The attendees to our roundtable presented a fundamentally different picture of their students, noting that undergraduates are resilient, want to do the reading, and were rarely dissuaded from doing so by content guidance. Even in cases where students had private and personal difficulties with certain readings, attendees shared a number of creative ways of addressing this with a wealth of compassion and little academic compromise. Some tutors offered extended framing of the text that emboldened students to engage, while others offered alternative texts that approached the same theme from another perspective. Our attendees were uniformly keen to share pedagogies that made space for discussion and dissent around texts once they had been read and interpreted in myriad ways. ‘Shock’ and ‘offence’ were accounted for as potential side-effects of academic enquiry but nowhere were they offered as ends in themselves.
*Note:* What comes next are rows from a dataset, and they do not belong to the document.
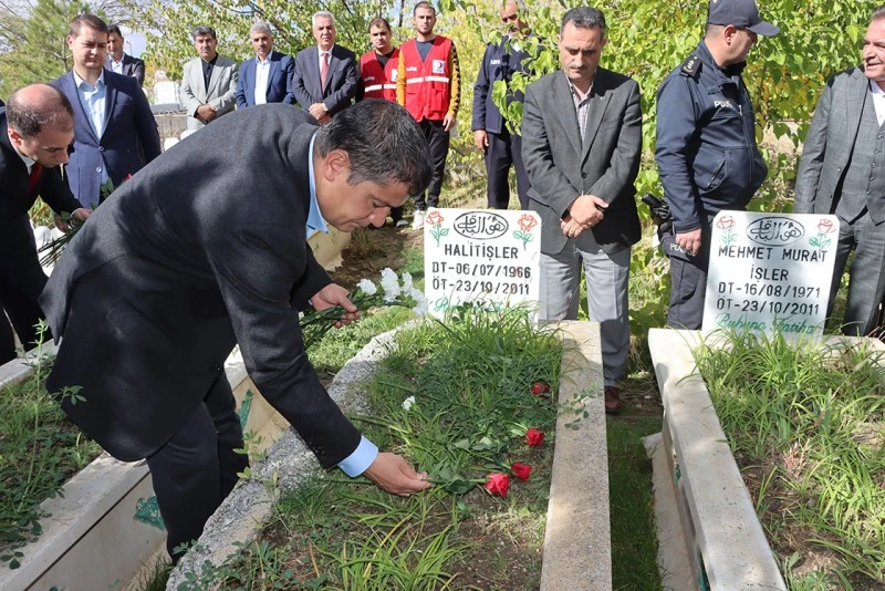 Depremde hayatını kaybedenler için dua eden Mehmetbeyoğlu ve beraberindekiler, mezarlara karanfil bıraktı.
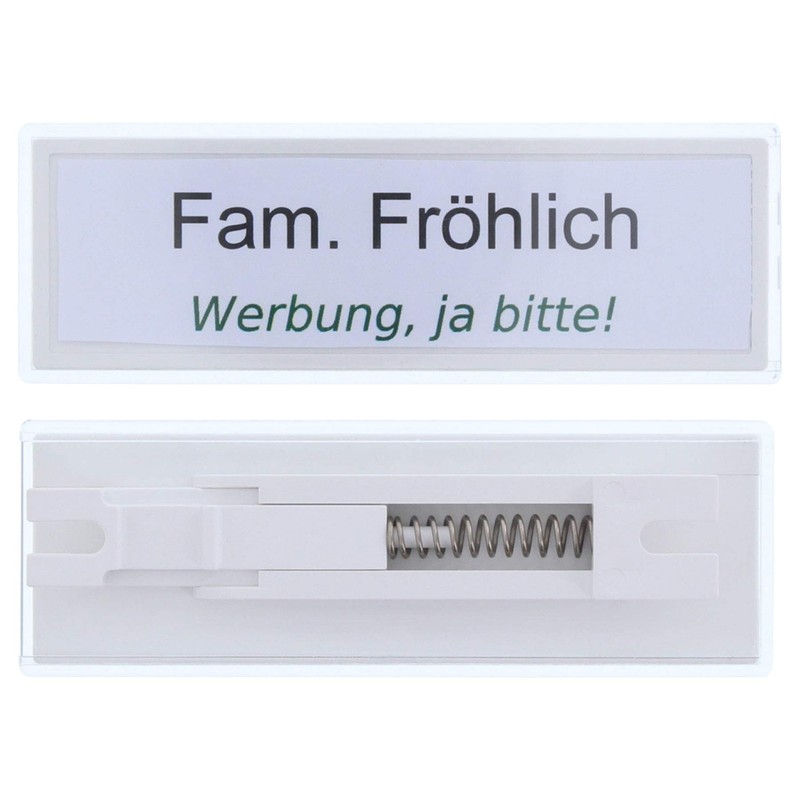 BRILD has developed a name plate that adapts to the size of the name window on your letterbox and thus ensures a beautiful and tidy look. The variable mounting mechanism is simply inserted into the name window of your letterbox.
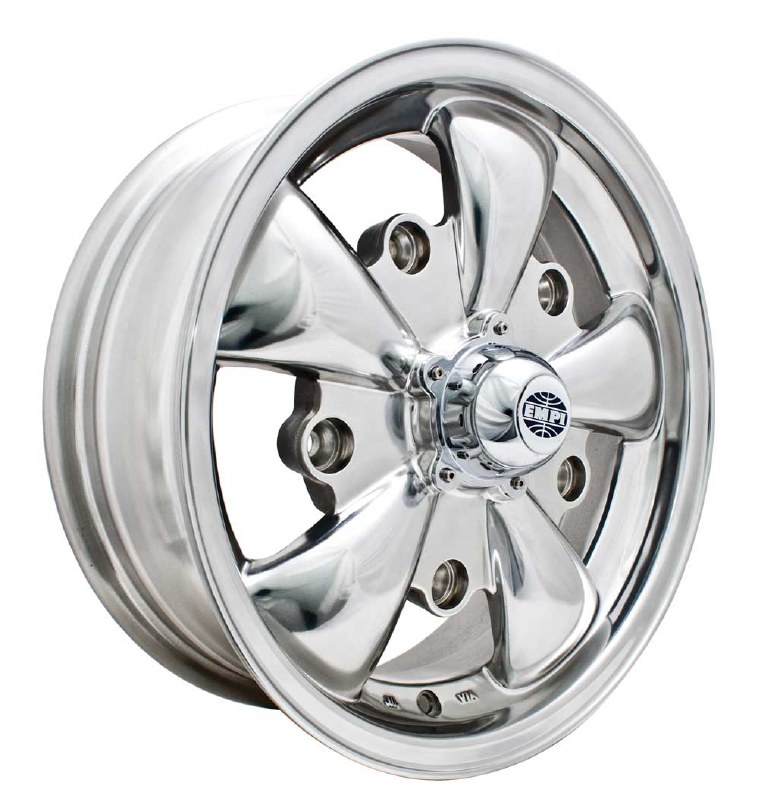 EMPI GT-5 5/205 15x5.5 ET 20. Polished. NICE BOLT ON CENTRE CAPS INCLUDED. Use with cone seat bolts or studs/nuts.
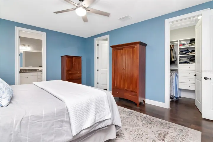 Upstairs, a spacious loft provides flexible living space—ideal as a media room or recreational area. The primary suite offers two walk-in closets with custom built-ins The en-suite bath has a large soaking tub, separate shower, and granite countertops. The secondary bedrooms are generously sized and features built-in closets, sharing a well-appointed bathroom with granite countertops.
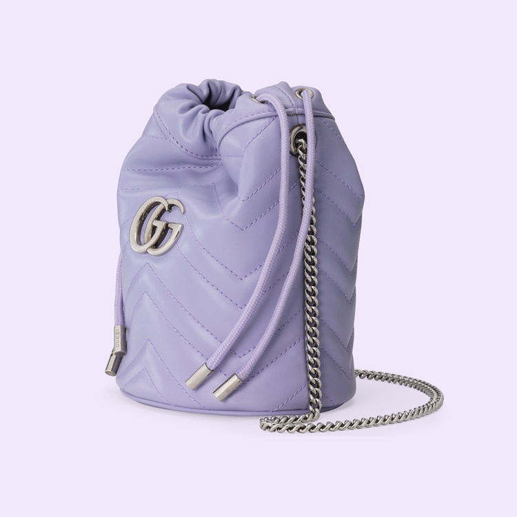 Style 575163 DTDRP 5306The GG Marmont mini bucket bag is crafted from quilted matelasse leather in a shade of lilac that mirrors the pastel hues that add a soft yet vibrant note of color to the latest collection. The shape is defined by the line's emblematic Double G hardware—an archival symbol from the '70s that has become a hallmark of the House. Featuring a chain strap and drawstring closure the versatile design can also be worn as a cross body bag.

Rhetoric around academic freedom in the UK is only intensifying as we approach the revised implementation of the Higher Education (Freedom of Speech) Act 2023 on August 1st 2025. The OfS has provided guidance to education providers that makes for an interesting read but, as ever, the intellectual exercise of determining permitted speech is a far cry from the pains of its implementation. With policy surging ahead towards a regulatory environment that could see further fines like those imposed upon the University of Sussex, any genuine impulse on the part of the OfS to improve higher education is potentially undermined by its wielding of a large financial cudgel against a struggling sector. These efforts to ensure that speech is free, or else, appear to overlook the fact that 70% of respondents to their own polling feel their speech is very or fairly protected by their institution, 67% feel very or fairly free to teach challenging and controversial topics and 87% of those polled had not received any pushback for their views from senior staff. The most striking negative trend in the polling appears not that 21% of all respondents feel restricted in what they can teach, which the OfS emphasises, but that just over a third (34%) of polled ‘non-white ethnic minority academics’ feel such restrictions and that ‘female academics are more likely than male academics to say they do not feel free discussing challenging/controversial topics’. Could it be that scholars of certain marginalised demographics feel more precarious within academia, historical preserve of elite white men? Perhaps, but such a ‘difficult’ discussion doesn’t appear to be forthcoming.

Though the examples offered here have all been from the UK, it is clear that agitation around free speech, academic freedom, and the nature of universities is an international concern. It is unclear how much of this is in good faith and so how much our good faith engagement with the ‘difficult’ will do to convince the arbiters of such values that all is well. Moreover, the network is increasingly diverse as we gain members, many of whom work on topics considered inherently political, and therefore specious, by factions of the press and public. A.D.A.M. therefore exists in a political context in which it embodies academic values purportedly under threat but its success may be regarded as insufficient sign of their security, or, perversely, as a threat to the very values it upholds. Public-facing efforts that the network undertakes will have to be mindful of these contradictions, without being too concerned with changing the minds of the immovable. Instead, as we saw in Düsseldorf, its greatest value remains in providing a space for researchers to develop and share best-practices for teaching and research, so that academics can continue to do their job with kindness and rigour.